(i) To find the coordinates of \(P\), set \(y = 3\sqrt{x} = x\). Solving for \(x\), we have:

\(3\sqrt{x} = x\)

\(3 = \sqrt{x}\)

\(x = 9\)

Thus, \(y = x = 9\), so \(P\) is (9, 9).

(ii) To find the area of the shaded region, calculate the area under the curve \(y = 3\sqrt{x}\) from \(x = 0\) to \(x = 9\), and subtract the area under the line \(y = x\) over the same interval.

The area under the curve \(y = 3\sqrt{x}\) is given by:

\(\int_0^9 3\sqrt{x} \, dx = \int_0^9 3x^{1/2} \, dx\)

\(= \left[ 3 \cdot \frac{2}{3} x^{3/2} \right]_0^9\)

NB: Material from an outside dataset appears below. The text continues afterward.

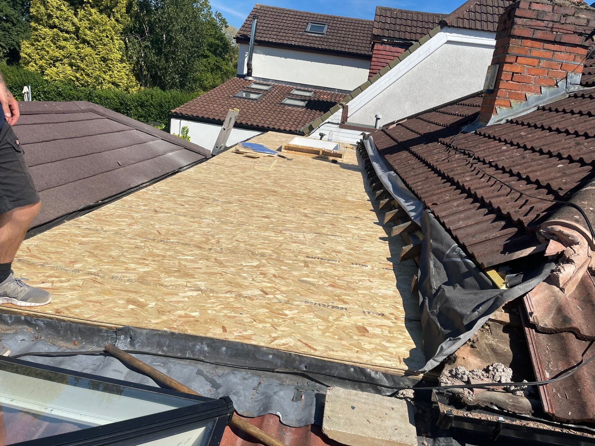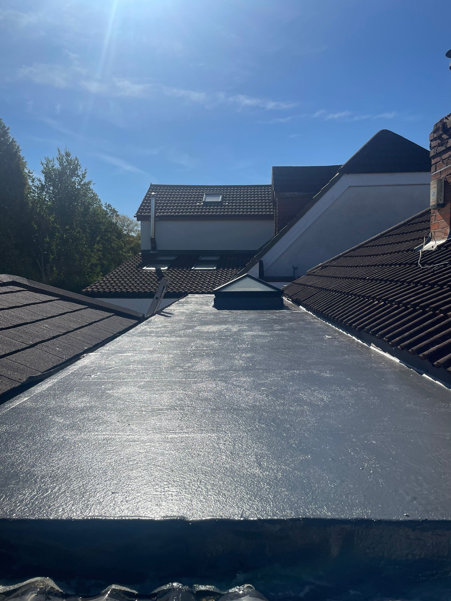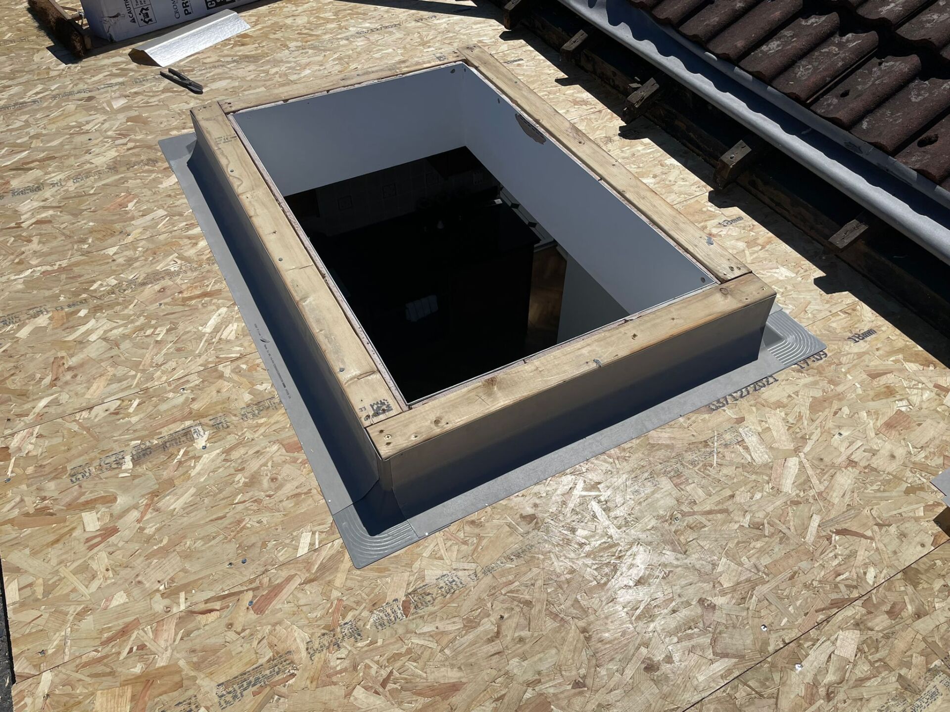 Description: Full flat roof renewed in GRP by our specialist Reece and a skylight installed.

\(= \left[ 2x^{3/2} \right]_0^9\)

\(= 2(9^{3/2}) - 2(0^{3/2})\)

\(= 2(27)\)

\(= 54\)

The area under the line \(y = x\) is the area of a right triangle with base and height of 9:

\(\frac{1}{2} \times 9 \times 9 = 40.5\)

Thus, the area of the shaded region is:

\(54 - 40.5 = 13.5\)